▸ Work instructions:
Reproduce verbatim the lines of the material below, starting at the line with "Moneta da 100" and ending at the line with "voice of one", both inclusive; skip the rest.
Top of Listed entries
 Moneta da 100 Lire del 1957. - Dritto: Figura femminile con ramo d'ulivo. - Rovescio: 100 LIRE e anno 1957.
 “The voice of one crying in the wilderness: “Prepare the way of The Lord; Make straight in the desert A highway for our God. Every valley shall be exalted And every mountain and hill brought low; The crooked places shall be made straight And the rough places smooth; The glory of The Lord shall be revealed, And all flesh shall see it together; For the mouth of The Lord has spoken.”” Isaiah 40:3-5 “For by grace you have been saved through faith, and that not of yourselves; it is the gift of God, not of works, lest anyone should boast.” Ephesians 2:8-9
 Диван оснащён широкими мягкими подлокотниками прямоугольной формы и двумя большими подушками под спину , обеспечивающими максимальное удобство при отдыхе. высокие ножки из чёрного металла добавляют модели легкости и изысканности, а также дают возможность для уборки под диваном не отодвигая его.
Bottom of Listed entries
Top of Listed entries
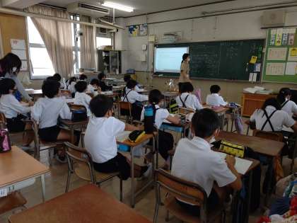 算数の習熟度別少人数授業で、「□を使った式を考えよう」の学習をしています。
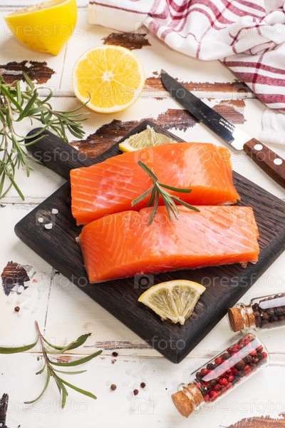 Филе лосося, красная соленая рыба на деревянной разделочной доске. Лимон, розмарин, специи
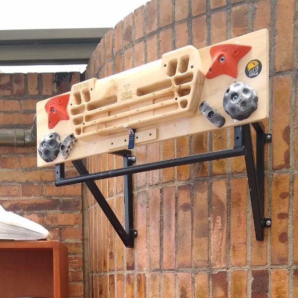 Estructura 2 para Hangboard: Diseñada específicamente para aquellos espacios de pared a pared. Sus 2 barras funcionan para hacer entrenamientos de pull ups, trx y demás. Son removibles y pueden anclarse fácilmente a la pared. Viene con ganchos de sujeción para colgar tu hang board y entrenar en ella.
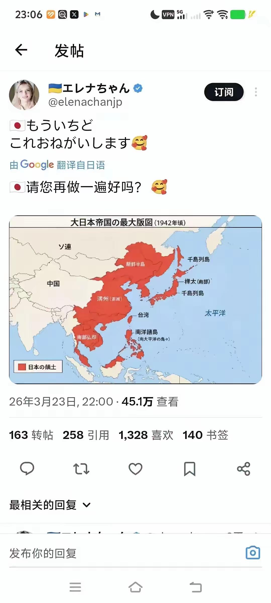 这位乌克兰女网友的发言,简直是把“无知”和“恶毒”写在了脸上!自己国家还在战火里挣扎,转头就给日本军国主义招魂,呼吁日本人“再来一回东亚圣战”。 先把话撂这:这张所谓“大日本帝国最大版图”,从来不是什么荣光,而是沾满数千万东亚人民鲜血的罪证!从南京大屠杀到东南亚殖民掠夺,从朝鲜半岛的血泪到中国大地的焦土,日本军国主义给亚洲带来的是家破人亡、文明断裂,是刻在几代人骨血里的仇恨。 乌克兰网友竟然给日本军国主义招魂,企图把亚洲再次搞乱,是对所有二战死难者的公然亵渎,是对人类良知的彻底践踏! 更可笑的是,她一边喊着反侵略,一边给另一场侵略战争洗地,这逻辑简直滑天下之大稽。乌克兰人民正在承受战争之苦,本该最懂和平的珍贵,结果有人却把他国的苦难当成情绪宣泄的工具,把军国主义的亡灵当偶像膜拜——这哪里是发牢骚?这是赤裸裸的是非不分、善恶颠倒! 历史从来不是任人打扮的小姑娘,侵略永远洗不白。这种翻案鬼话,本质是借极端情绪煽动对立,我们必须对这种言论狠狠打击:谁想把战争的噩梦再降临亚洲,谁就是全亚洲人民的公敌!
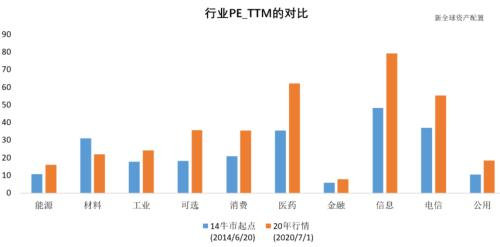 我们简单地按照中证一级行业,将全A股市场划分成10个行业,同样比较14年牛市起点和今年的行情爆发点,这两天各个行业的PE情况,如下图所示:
Bottom of Listed entries
Top of Listed entries
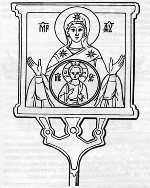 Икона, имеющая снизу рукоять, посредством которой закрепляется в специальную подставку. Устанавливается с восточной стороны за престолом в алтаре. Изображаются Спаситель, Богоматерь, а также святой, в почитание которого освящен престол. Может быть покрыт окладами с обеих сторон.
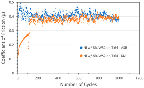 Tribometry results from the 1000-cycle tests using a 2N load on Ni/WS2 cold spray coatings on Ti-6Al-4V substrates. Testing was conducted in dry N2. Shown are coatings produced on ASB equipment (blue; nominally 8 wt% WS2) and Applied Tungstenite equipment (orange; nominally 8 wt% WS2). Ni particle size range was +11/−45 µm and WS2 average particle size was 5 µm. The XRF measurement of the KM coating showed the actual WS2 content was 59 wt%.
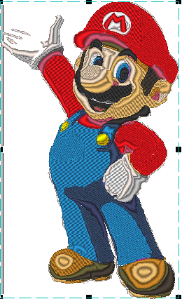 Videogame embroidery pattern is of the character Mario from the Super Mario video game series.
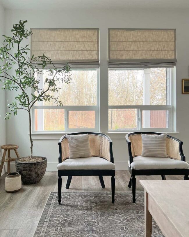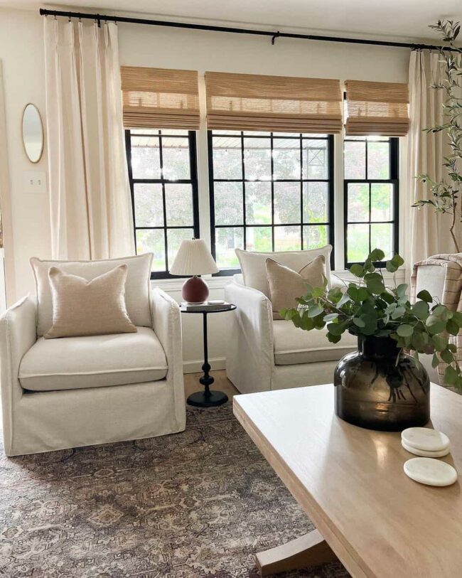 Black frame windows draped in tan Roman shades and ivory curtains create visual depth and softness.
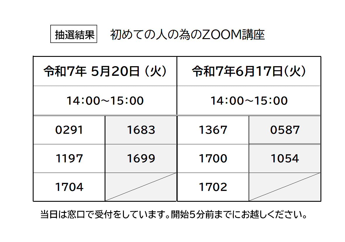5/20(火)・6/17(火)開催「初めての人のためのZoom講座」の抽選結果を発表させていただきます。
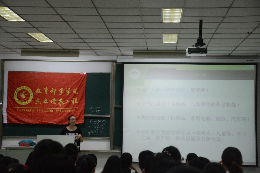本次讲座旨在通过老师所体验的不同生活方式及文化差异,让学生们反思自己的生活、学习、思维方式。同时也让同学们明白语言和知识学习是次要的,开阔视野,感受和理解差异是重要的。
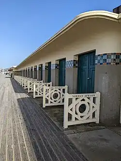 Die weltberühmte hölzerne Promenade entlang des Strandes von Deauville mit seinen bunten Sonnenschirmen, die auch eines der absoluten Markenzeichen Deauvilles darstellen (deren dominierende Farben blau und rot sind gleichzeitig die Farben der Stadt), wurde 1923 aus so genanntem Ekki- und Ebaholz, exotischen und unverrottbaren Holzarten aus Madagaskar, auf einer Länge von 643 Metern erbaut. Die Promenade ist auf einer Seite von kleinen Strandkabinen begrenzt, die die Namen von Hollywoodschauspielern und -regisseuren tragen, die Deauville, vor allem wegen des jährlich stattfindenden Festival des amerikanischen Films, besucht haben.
Bottom of Listed entries
▸ Written solution:
 Moneta da 100 Lire del 1957. - Dritto: Figura femminile con ramo d'ulivo. - Rovescio: 100 LIRE e anno 1957.
 “The voice of one crying in the wilderness: “Prepare the way of The Lord; Make straight in the desert A highway for our God. Every valley shall be exalted And every mountain and hill brought low; The crooked places shall be made straight And the rough places smooth; The glory of The Lord shall be revealed, And all flesh shall see it together; For the mouth of The Lord has spoken.”” Isaiah 40:3-5 “For by grace you have been saved through faith, and that not of yourselves; it is the gift of God, not of works, lest anyone should boast.” Ephesians 2:8-9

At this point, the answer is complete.